Rating:
PG-13
House:
Riddikulus
Characters:
Draco Malfoy Ron Weasley Lord Voldemort
Genres:
Humor Parody
Era:
Multiple Eras
Spoilers:
Philosopher's Stone Chamber of Secrets Prizoner of Azkaban Goblet of Fire Order of the Phoenix
Stats:
Published: 11/26/2003
Updated: 11/26/2003
Words: 500
Chapters: 1
Hits: 453

Karaoke Fun with the Dark Lord

Selket

Story Summary:
Karaoke night in Hogsmeade.

Posted:
11/26/2003
Hits:
453
Author's Note:
This is actually a story my sister wrote for me. Because she's awesome.
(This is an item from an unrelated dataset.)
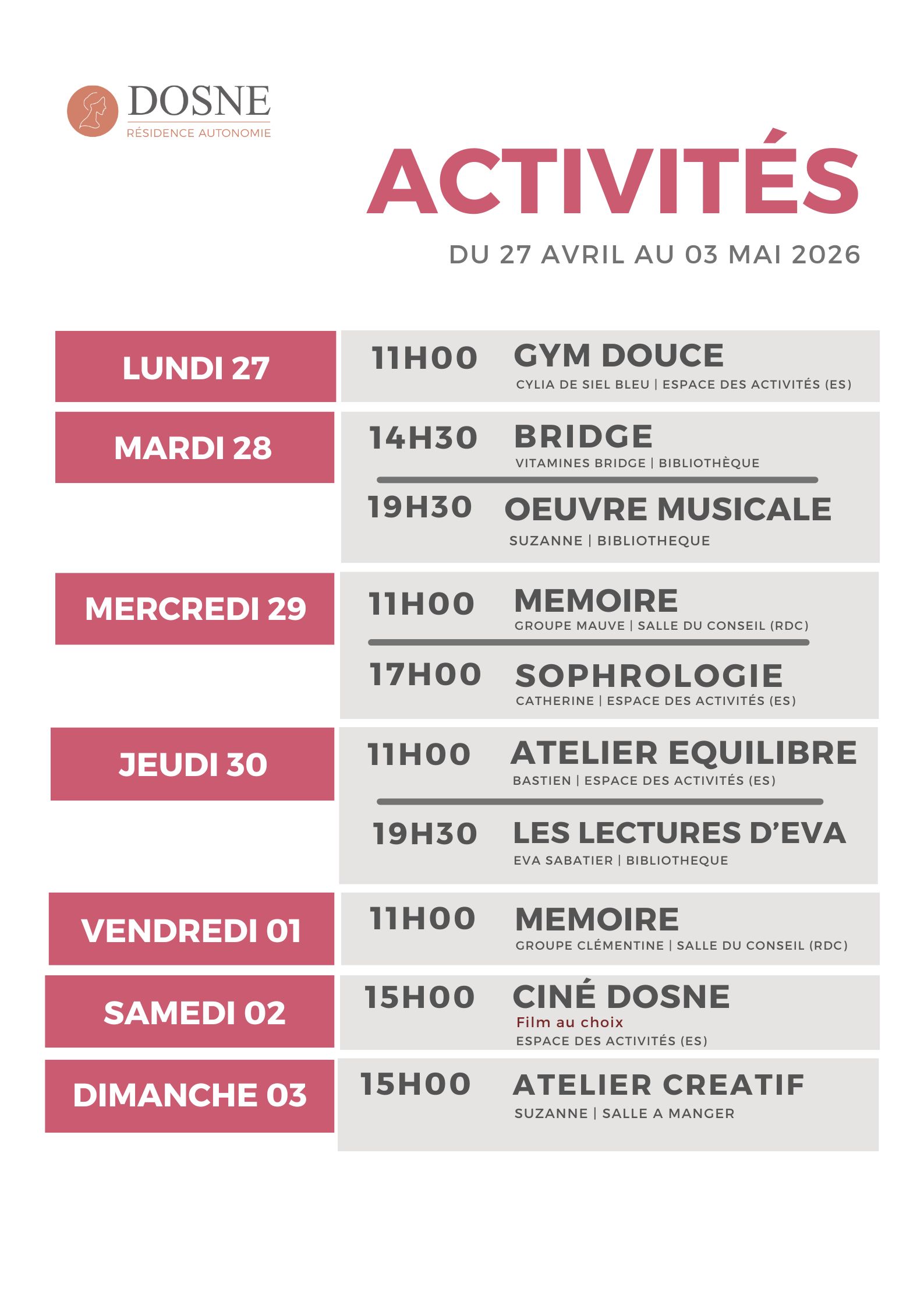 La Résidence Dosne propose quotidiennement des activités et animations. Elles [...]

"I will survive! Oh no not I! I will surviiiive!!!" Draco Malfoy screeched at the top of his lungs, thrashing about his pale blond hair. The audience erupted like Mount St Helens, but with applause instead of with tons of volcanic ash as Draco Malfoy took a sweeping bow. They were obviously distracted from his horrible voice by his hot wizard robes and shiny hair. I mean, check it out.

Malfoy stepped off of the brightly lit stage and walked towards his Slytherin friends in the back of the dark smoky karaoke bar.
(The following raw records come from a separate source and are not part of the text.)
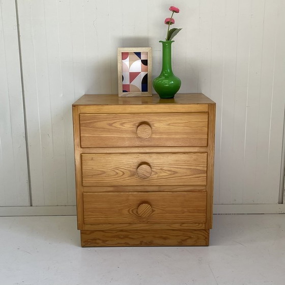 Cassettiera in legno, ha 3 cassetti scorrevoli con grandi pomelli rotondi, tipici degli anni '70. Bello come comodino, ma anche per esempio nell'ingresso per le chiavi, ecc. Presenta i normali segni d'uso, adeguati all'età.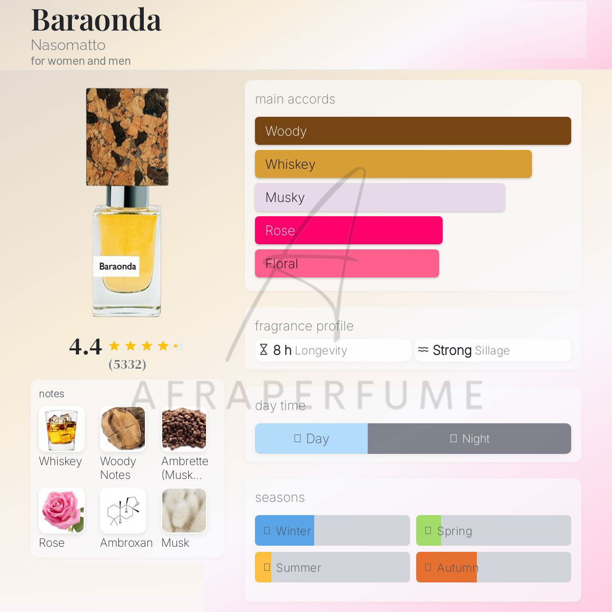 عطر ادکلن ناسوماتو بارا اوندا-Nasomatto Baraonda، عطری است گرم، تلخ، میوهای و چوبی که شروعی گرم و الکلی مانند از رایحه ویسکی و حسی نیمه شیرین و میوهای مانند دارد که رایحه ضعیفی از گلها نیز با آنها ترکیب شدهاند.
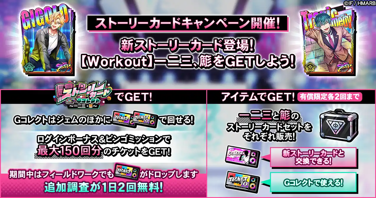 新ストーリーカード「SSR【Workout】伊弉冉一二三」と「SSR【Workout】白膠木簓」を獲得することができるGコレクトを開催しています。Gコレクトはジェムのほか、専用チケット「ストーリーGコレチケット(vol.6)」各種を使うことでも回すことができ、ビンゴミッションとログインボーナスで最大150回分のチケットを獲得できます。 |

"Yahh!" said Goyle, giving Draco a high five.

"Yaaahhh!!" said Crabbe, not to be outdone, and also gave Draco a high five.
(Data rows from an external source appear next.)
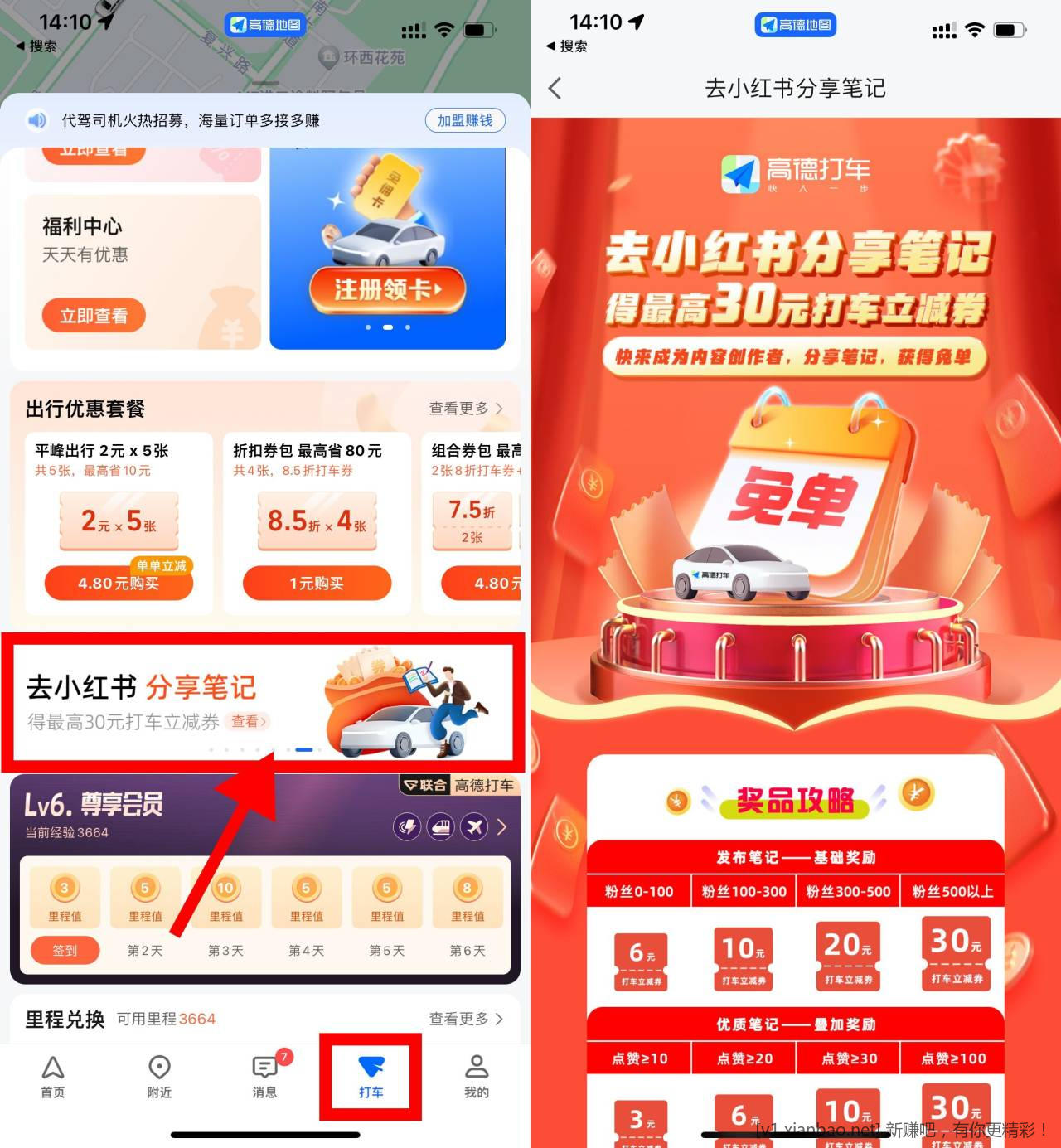 高德打车分享小红书得打车券-高德地图APP底部“打车”->轮播图“去小红书分享笔记”->根据页面发小红书领6~30亓无门槛打车卷
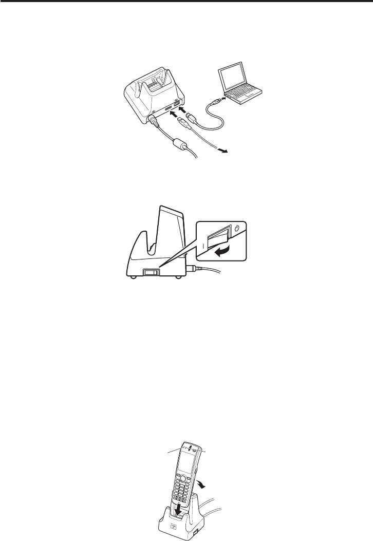 When inserting the DT-X100 with the Hand Belt attached into the USB Cradle, etc.,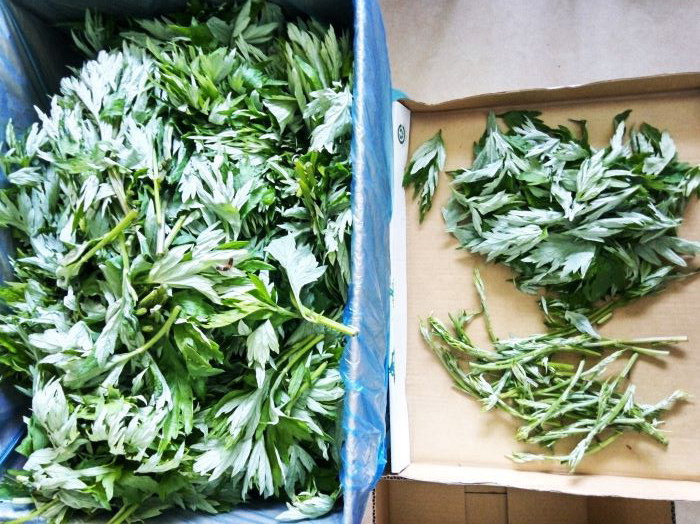 「ヨモギ」の穂先から10cmほどまでの柔らかい葉っぱだけを使います。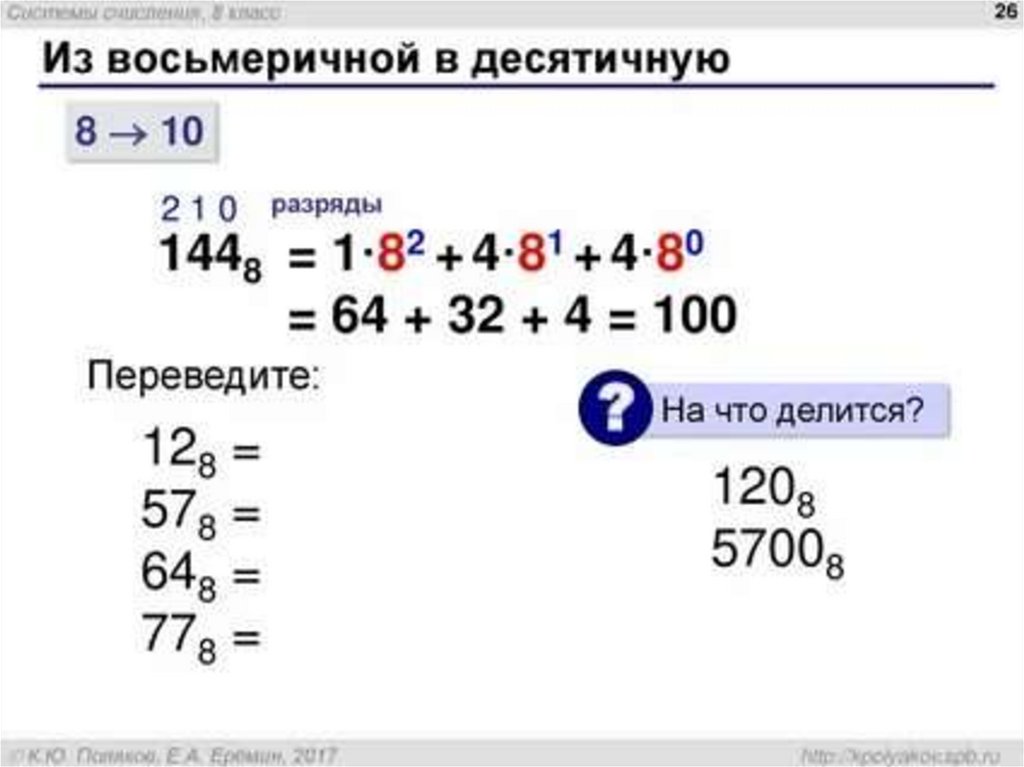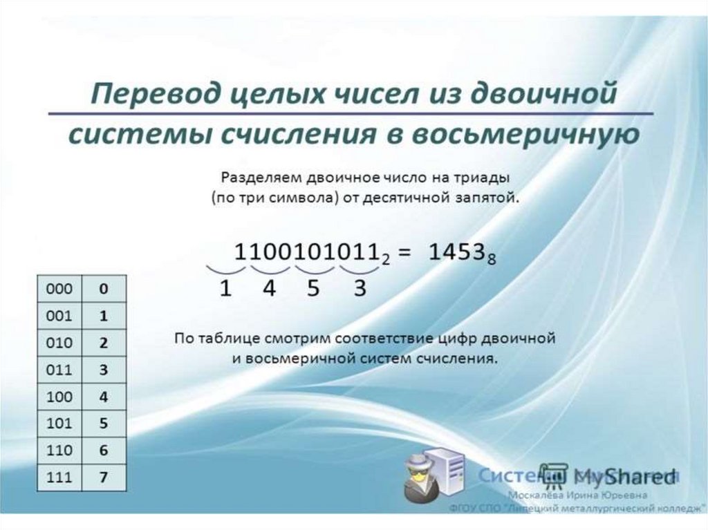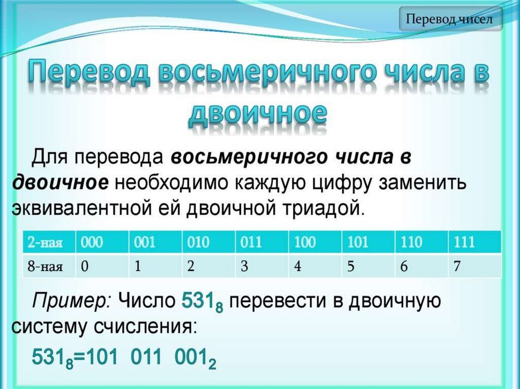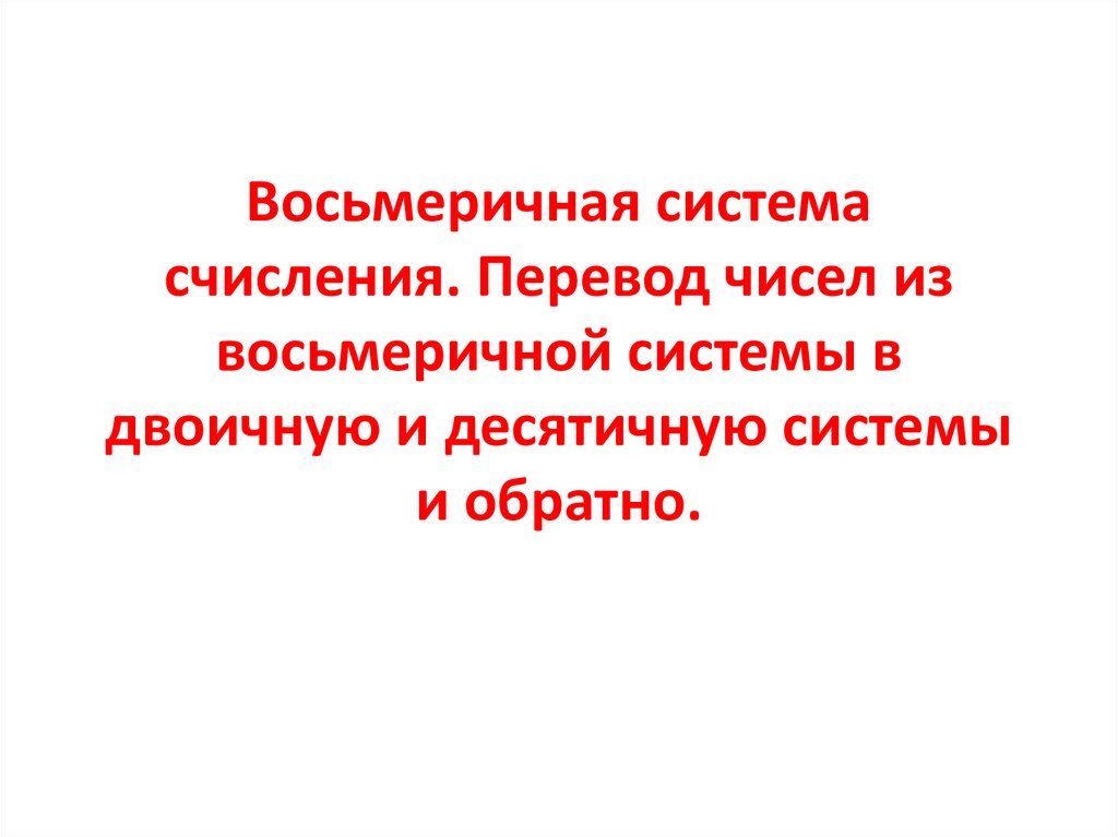 1. Восьмеричная система счисления. Перевод чисел из восьмеричной системы в двоичную и десятичную системы и обратно.

"Two times!" they both grunted. Draco ducked and they ended up falling on the floor. Of course he smirked. He and the two confused thugs sat down in their booth.

"Huh huh huh huh," said Goyle.

"Huh huh huh," said Crabbe.

"What the Fuck?" said Draco Malfoy. Then he looked to where they were pointing. "Oh man, that's a laugh."

"Huh huh huh huh." I guess that's their laugh.

Ron Weasley was making a fool of himself, singing some ninny song about sunshine and flowers. His cheesy grin and jazz hands just added to the hilarity for this group of goons.

Suddenly a dark shadow passed over the three Slytherins. Of course, it was barely noticeable because the room was so dark already. More noticeable were the creepy noises emanating from the tall cloaked figure who stood before their table.

"Fwoosh, fwoosh, oooooo, ooooooo," said the sinister man. So maybe the sounds weren't all too creepy. But Malfoy, Crabbe, and Goyle cowered all the same.

"Wha--what do you want oh dark one?"

Voldemort slowly raised one arm and pointed at Draco Malfoy. "How dare you laugh at that song? That song was a hit way before you were in diapers, mister."

"I.. um.. he started it!" Malfoy cowarded, pointing at Crabbe.

Crabbe couldn't really talk, and just pointed at Goyle.

"I don't care who freakin' started it!" Voldemort boomed. "But as your punishment for dissing my fave song, you must sing the backups as I perform it now. Karaoke!" And with that, Voldemort swooshed off towards the stage. The other three followed grudgingly behind.

"Flowers and daisies and pansies and roooooses!"

"And roooses!"

Bright colorful lights danced in time to their music (Voldemort's a pretty powerful enchanter, he can do stuff like that).

"Dance break! Now boogie!" He Who Must Not Be Named ordered.

Malfoy started breakdancing or something weird like that, and the girls screamed (so did Harry Potter? I couldn't tell, his screams sound just like the girls'.)

"BOOOGIE!!" Voldemort zapped Draco who instantly began boogieing.

"Sunshine and rainbows and flowers and kittieeeeeeeeeeeeeees!"

"Suunshiiiine.... Kittieeeeeeeeeeees!"

Well, Draco Malfoy thought as he boogied and sang backup for the dark lord of the wizards, at least Ron looks pissed. And Ron was. That stupid Voldemort sang the same song right after him. And with style.